### Task goal
Line by line, restate the material word for word, omitting any image.
----- Supplied data -----
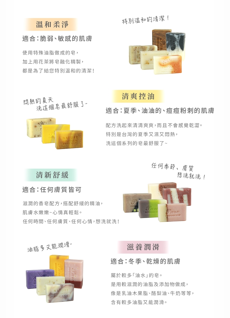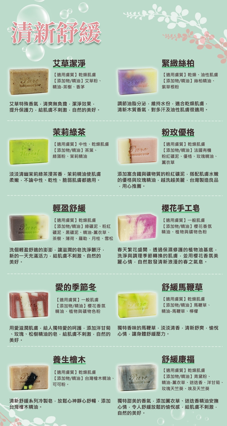 1. 每一顆手工皂會因花草植物生長因素,自然成色會有差異,不影響使用及品質,請以收到的實際商品為主。
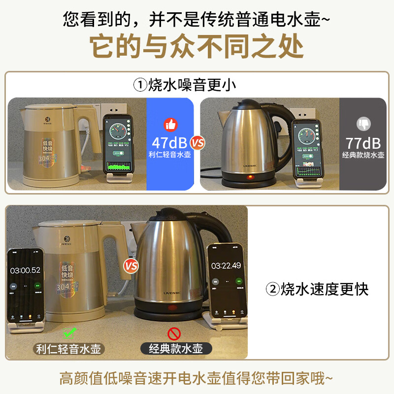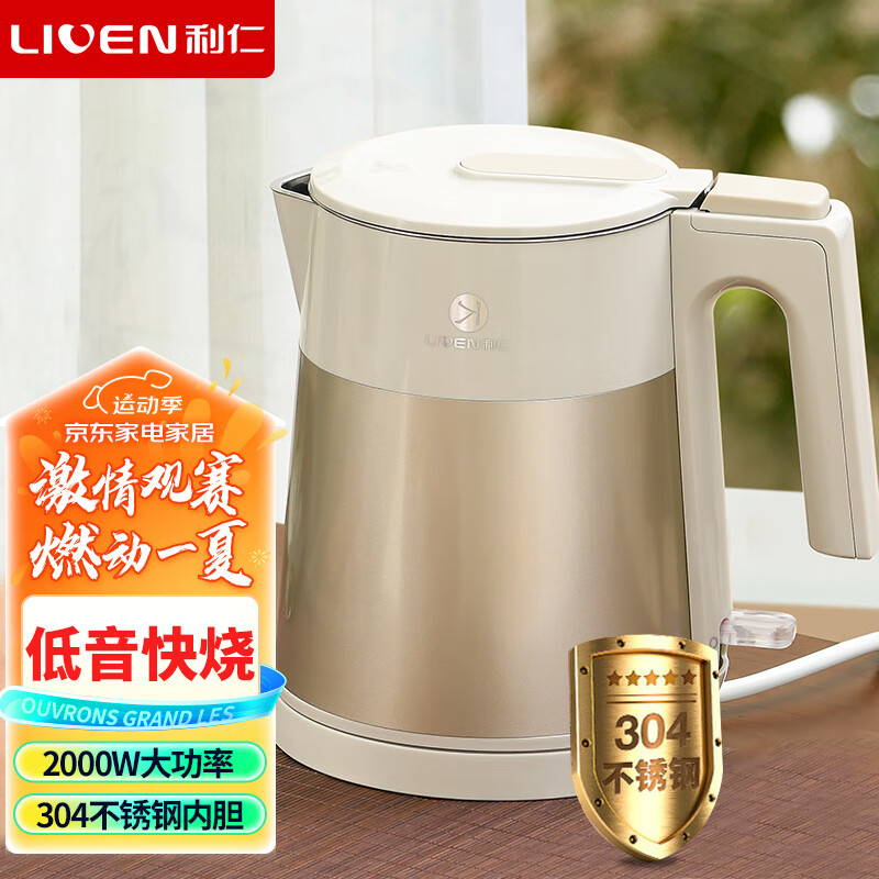 利仁(Liven)轻音电水壶热水壶电热水壶304不锈钢无缝内胆双层防烫烧水壶暖水壶2000W快烧低噪开水壶 JYSH-01价格:132.50元!
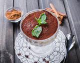 Italian dessert tiramisu in glass on dark wooden background, sweet food. Top view
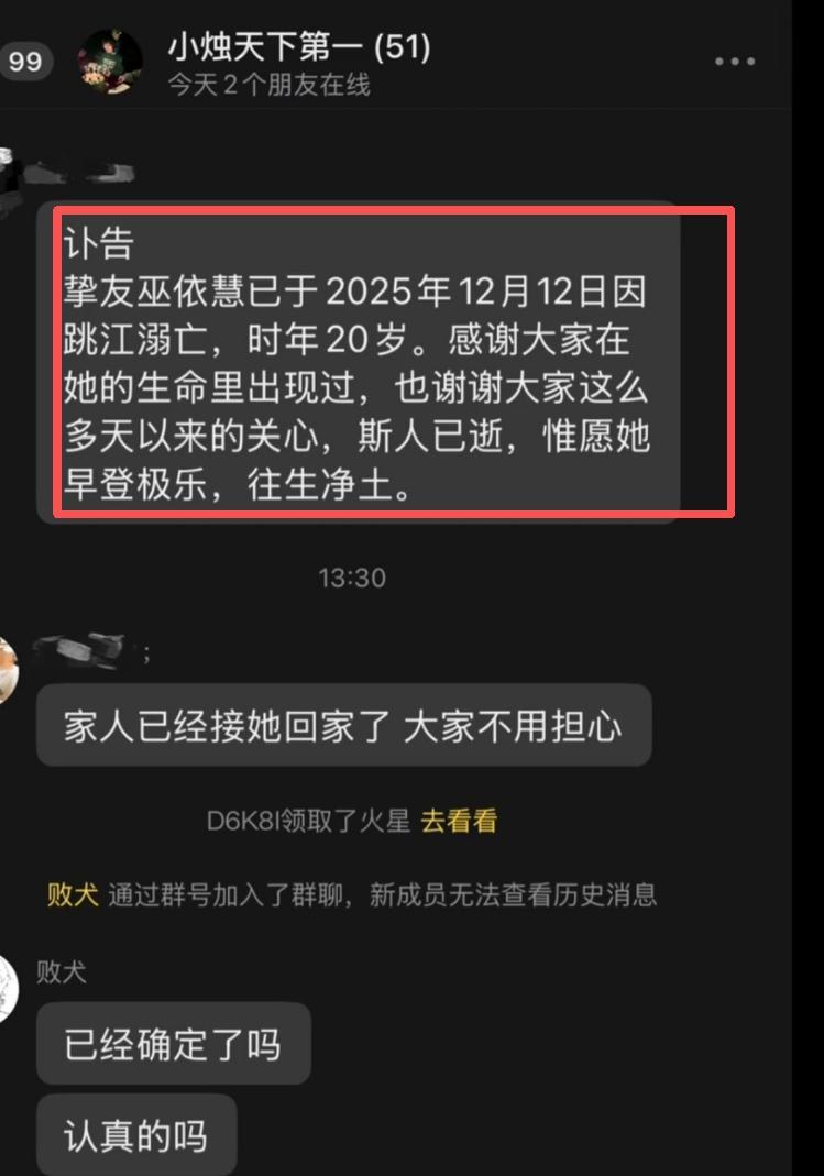 20岁主播巫依慧跳江离世,镜头前的阳光竟是抑郁症的伪装。 刚看到这则讣告时,心里咯噔一下——那个在视频里笑得眉眼弯弯、看着浑身是劲的广西姑娘,竟在12月12日选择跳江结束了生命。 她是个小主播,粉丝才五千多,却全是一路陪着她的铁粉。镜头里的她永远开朗,能把平凡的生活过得热热闹闹,甚至还成了一位网友的“精神支柱”——这位网友说自己情绪差到一天只吃一顿饭,看她的视频才觉得有力量。 可谁能想到,这份阳光全是装的。现实里的巫依慧被抑郁症缠了很久,难受时会靠自残发泄,却还反过来劝网友“要好好的,别像我一样困在黑暗里”。今年4月和网友相识后,两人从线上聊到线下,6月见面时她还送了对方一束花,小心翼翼地试探着想要一份感情,可这份期待最终没有得到明确回应。 那之后,她就渐渐失联了。直到12月16日,粉丝群里的讣告传来,大家才知道这个笑着给别人递光的女孩,自己却没能走出深渊。她的嫂子也证实了噩耗,说家人早就陪她治过抑郁,却还是没能留住她。 现在她的账号已经设为私密,粉丝们只能在旧视频下留言悼念。20岁,本该是刚要拥抱世界的年纪,她却被心里的黑洞吞了进去。 其实很多时候,那些笑着说“我没事”的人,可能正在熬着最难的时刻。别把抑郁当成“矫情”,也别忽略身边人的情绪求救,也许一句关心,就能拉住一个快要走散的人。愿巫依慧在另一个世界,能真的快乐起来。
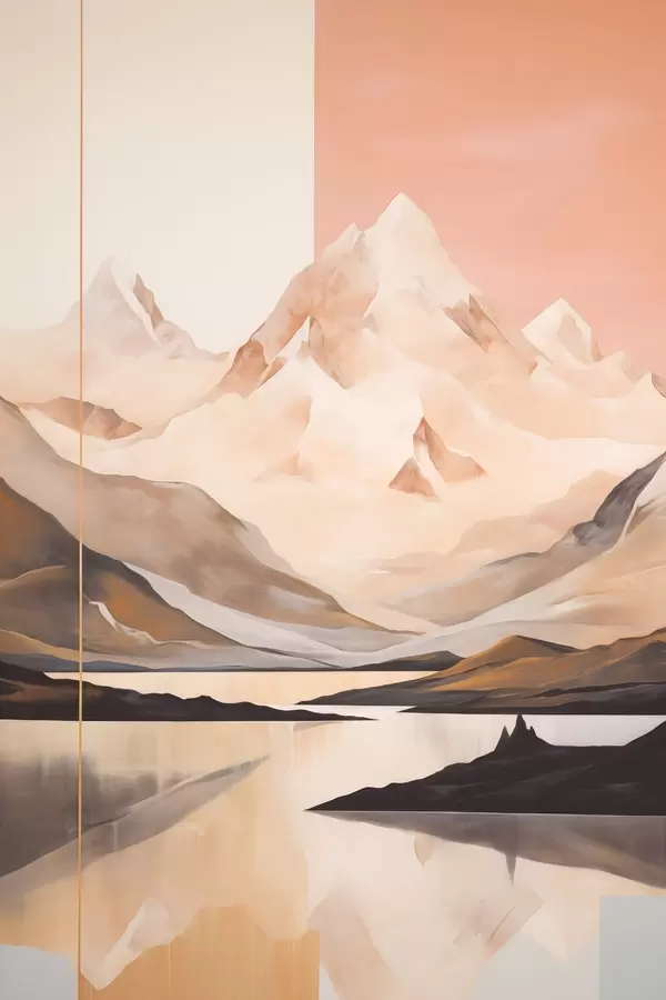 Poster Paisaje abstracto con montañas y un lago, colores pastel, estilo minimalista Nr f45949
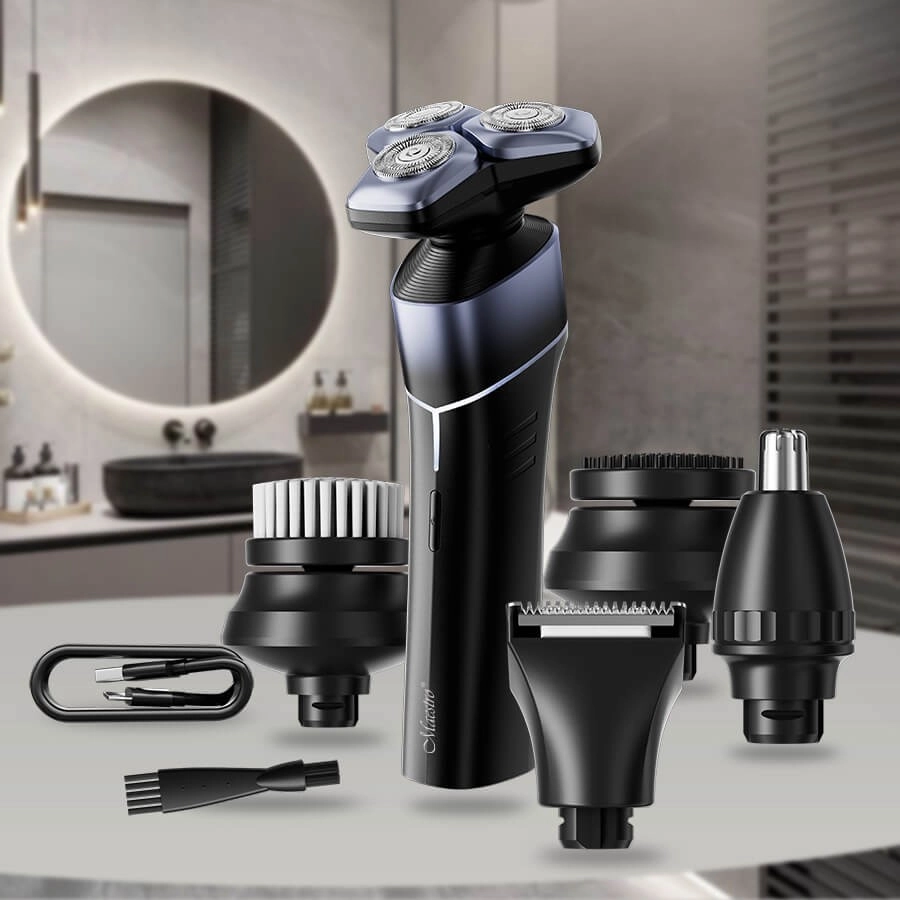Multifunkciós szett modern férfiaknak: a MAESTRO 5 az 1-ben ötvözi a simára borotválást, a haj- és szakállvágást, az orr‑ és fülszőrnyírót, az arctisztító kefét és a masszázsfejet. A 600 mAh-s akkumulátornak, a USB‑C töltésnek, az IPX7 vízálló háznak és az akár 60 perces üzemidőnek köszönhetően ideális a fürdőszobába és utazáshoz is.
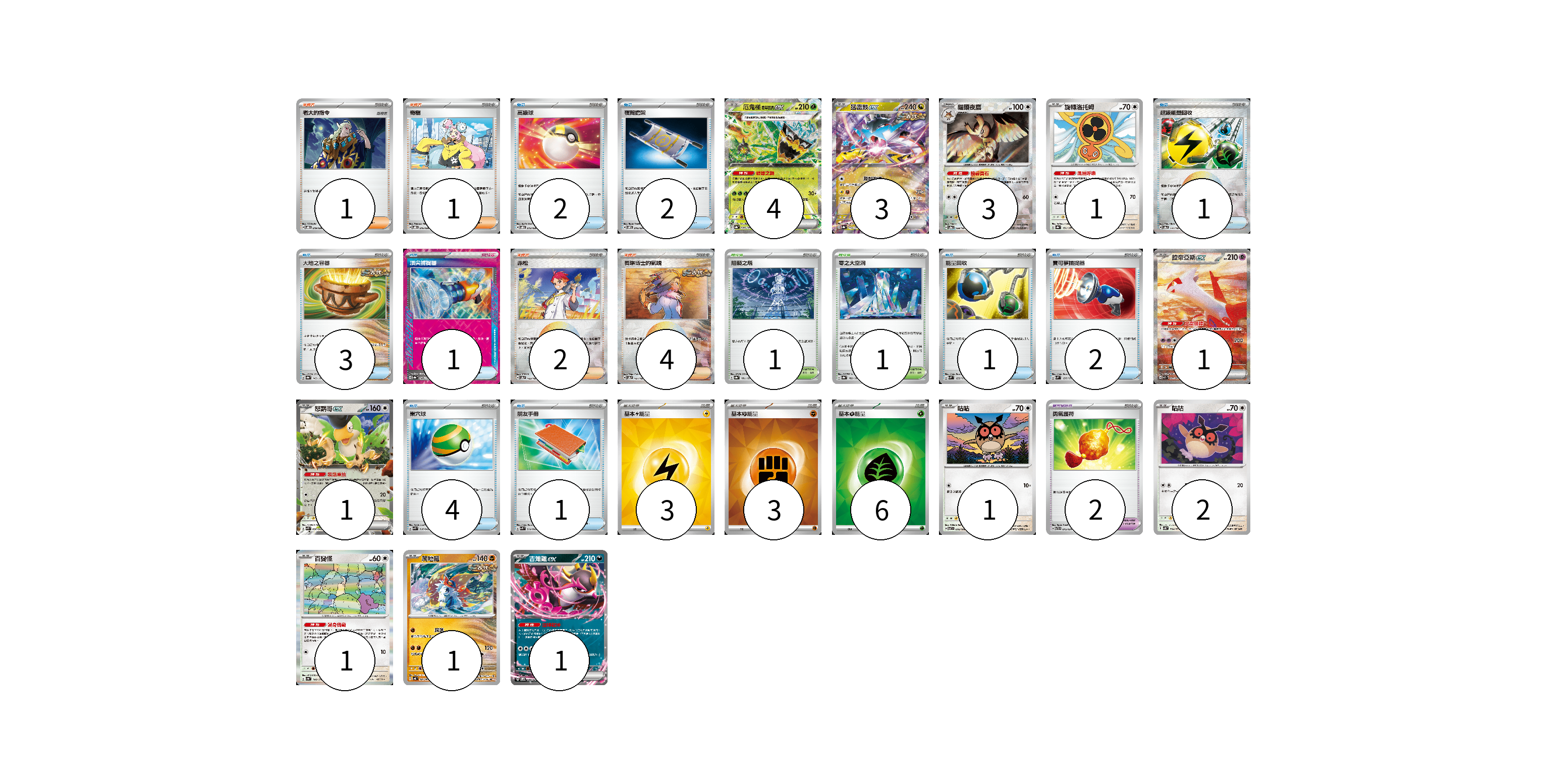 牌組構築方案 以此牌組為基礎新構築牌組 顯示卡面 顯示列表 寶可夢卡(19) 4 3 3 1 1 1 1 2 1 1 1 寶可夢道具(2) 2 物品卡(17) 2 2 1 3 1 1 2 4 1 支援者卡(8) 1 1 2 4 競技場卡(2) 1 1 能量卡(12) 3 3 6 寶可夢卡(19) 卡牌名稱 張數 卡牌名稱 張數 厄鬼椪 碧草面具ex SV8a 020/187 04 猛雷鼓ex SV8a 124/187 03 貓頭夜鷹 SV8a 128/187 03 旋轉洛托姆 SV8a 131/187 01 拉帝亞斯ex SV7a 087/064 01 怒鸚哥ex SVK 006/042 01 咕咕 SV7 076/102 01 咕咕 SV5K 054/071 02 百變怪 SV4a 144/190 01 爬地翅 SV4K 041/066 01 吉雉雞ex SVOM 009/021 01 寶可夢道具(2) 卡牌名稱 張數 卡牌名稱 張數 勇氣護符 SVTR 015/021 02 物品卡(17) 卡牌名稱 張數 卡牌名稱 張數 高級球 SVOD 012/020 02 夜間擔架 SVOM 016/021 02 超級能量回收 SV8a 141/187 01 大地之容器 SV8a 143/187 03 頂尖捕捉器 SV8a 148/187 01 能量回收 SVM 125/175 01 寶可夢捕捉器 SVM 137/175 02 巢穴球 SVK 016/042 04 朋友手冊 SVK 014/042 01 支援者卡(8) 卡牌名稱 張數 卡牌名稱 張數 老大的指令 SVOD 019/020 01 奇樹 SVOD 016/020 01 赤松 SV8a 163/187 02 奧琳博士的氣魄 SV8a 167/187 04 競技場卡(2) 卡牌名稱 張數 卡牌名稱 張數 阻礙之塔 SV8a 181/187 01 零之大空洞 SV8a 182/187 01 能量卡(12) 卡牌名稱 張數 卡牌名稱 張數 基本【雷】能量 SVK LIG 03 基本【鬥】能量 SVK FIG 03 基本【草】能量 SVK GRA 06 以此牌組為基礎新構築牌組 牌組編碼 vPKjZU-ndgysy-YccYNk copy 列印牌組單 牌組編碼已複製 分享至SNS
-----
### Written answer
 1. 每一顆手工皂會因花草植物生長因素,自然成色會有差異,不影響使用及品質,請以收到的實際商品為主。
 利仁(Liven)轻音电水壶热水壶电热水壶304不锈钢无缝内胆双层防烫烧水壶暖水壶2000W快烧低噪开水壶 JYSH-01价格:132.50元!
 Italian dessert tiramisu in glass on dark wooden background, sweet food. Top view
 20岁主播巫依慧跳江离世,镜头前的阳光竟是抑郁症的伪装。 刚看到这则讣告时,心里咯噔一下——那个在视频里笑得眉眼弯弯、看着浑身是劲的广西姑娘,竟在12月12日选择跳江结束了生命。 她是个小主播,粉丝才五千多,却全是一路陪着她的铁粉。镜头里的她永远开朗,能把平凡的生活过得热热闹闹,甚至还成了一位网友的“精神支柱”——这位网友说自己情绪差到一天只吃一顿饭,看她的视频才觉得有力量。 可谁能想到,这份阳光全是装的。现实里的巫依慧被抑郁症缠了很久,难受时会靠自残发泄,却还反过来劝网友“要好好的,别像我一样困在黑暗里”。今年4月和网友相识后,两人从线上聊到线下,6月见面时她还送了对方一束花,小心翼翼地试探着想要一份感情,可这份期待最终没有得到明确回应。 那之后,她就渐渐失联了。直到12月16日,粉丝群里的讣告传来,大家才知道这个笑着给别人递光的女孩,自己却没能走出深渊。她的嫂子也证实了噩耗,说家人早就陪她治过抑郁,却还是没能留住她。 现在她的账号已经设为私密,粉丝们只能在旧视频下留言悼念。20岁,本该是刚要拥抱世界的年纪,她却被心里的黑洞吞了进去。 其实很多时候,那些笑着说“我没事”的人,可能正在熬着最难的时刻。别把抑郁当成“矫情”,也别忽略身边人的情绪求救,也许一句关心,就能拉住一个快要走散的人。愿巫依慧在另一个世界,能真的快乐起来。
 Poster Paisaje abstracto con montañas y un lago, colores pastel, estilo minimalista Nr f45949
Multifunkciós szett modern férfiaknak: a MAESTRO 5 az 1-ben ötvözi a simára borotválást, a haj- és szakállvágást, az orr‑ és fülszőrnyírót, az arctisztító kefét és a masszázsfejet. A 600 mAh-s akkumulátornak, a USB‑C töltésnek, az IPX7 vízálló háznak és az akár 60 perces üzemidőnek köszönhetően ideális a fürdőszobába és utazáshoz is.
 牌組構築方案 以此牌組為基礎新構築牌組 顯示卡面 顯示列表 寶可夢卡(19) 4 3 3 1 1 1 1 2 1 1 1 寶可夢道具(2) 2 物品卡(17) 2 2 1 3 1 1 2 4 1 支援者卡(8) 1 1 2 4 競技場卡(2) 1 1 能量卡(12) 3 3 6 寶可夢卡(19) 卡牌名稱 張數 卡牌名稱 張數 厄鬼椪 碧草面具ex SV8a 020/187 04 猛雷鼓ex SV8a 124/187 03 貓頭夜鷹 SV8a 128/187 03 旋轉洛托姆 SV8a 131/187 01 拉帝亞斯ex SV7a 087/064 01 怒鸚哥ex SVK 006/042 01 咕咕 SV7 076/102 01 咕咕 SV5K 054/071 02 百變怪 SV4a 144/190 01 爬地翅 SV4K 041/066 01 吉雉雞ex SVOM 009/021 01 寶可夢道具(2) 卡牌名稱 張數 卡牌名稱 張數 勇氣護符 SVTR 015/021 02 物品卡(17) 卡牌名稱 張數 卡牌名稱 張數 高級球 SVOD 012/020 02 夜間擔架 SVOM 016/021 02 超級能量回收 SV8a 141/187 01 大地之容器 SV8a 143/187 03 頂尖捕捉器 SV8a 148/187 01 能量回收 SVM 125/175 01 寶可夢捕捉器 SVM 137/175 02 巢穴球 SVK 016/042 04 朋友手冊 SVK 014/042 01 支援者卡(8) 卡牌名稱 張數 卡牌名稱 張數 老大的指令 SVOD 019/020 01 奇樹 SVOD 016/020 01 赤松 SV8a 163/187 02 奧琳博士的氣魄 SV8a 167/187 04 競技場卡(2) 卡牌名稱 張數 卡牌名稱 張數 阻礙之塔 SV8a 181/187 01 零之大空洞 SV8a 182/187 01 能量卡(12) 卡牌名稱 張數 卡牌名稱 張數 基本【雷】能量 SVK LIG 03 基本【鬥】能量 SVK FIG 03 基本【草】能量 SVK GRA 06 以此牌組為基礎新構築牌組 牌組編碼 vPKjZU-ndgysy-YccYNk copy 列印牌組單 牌組編碼已複製 分享至SNS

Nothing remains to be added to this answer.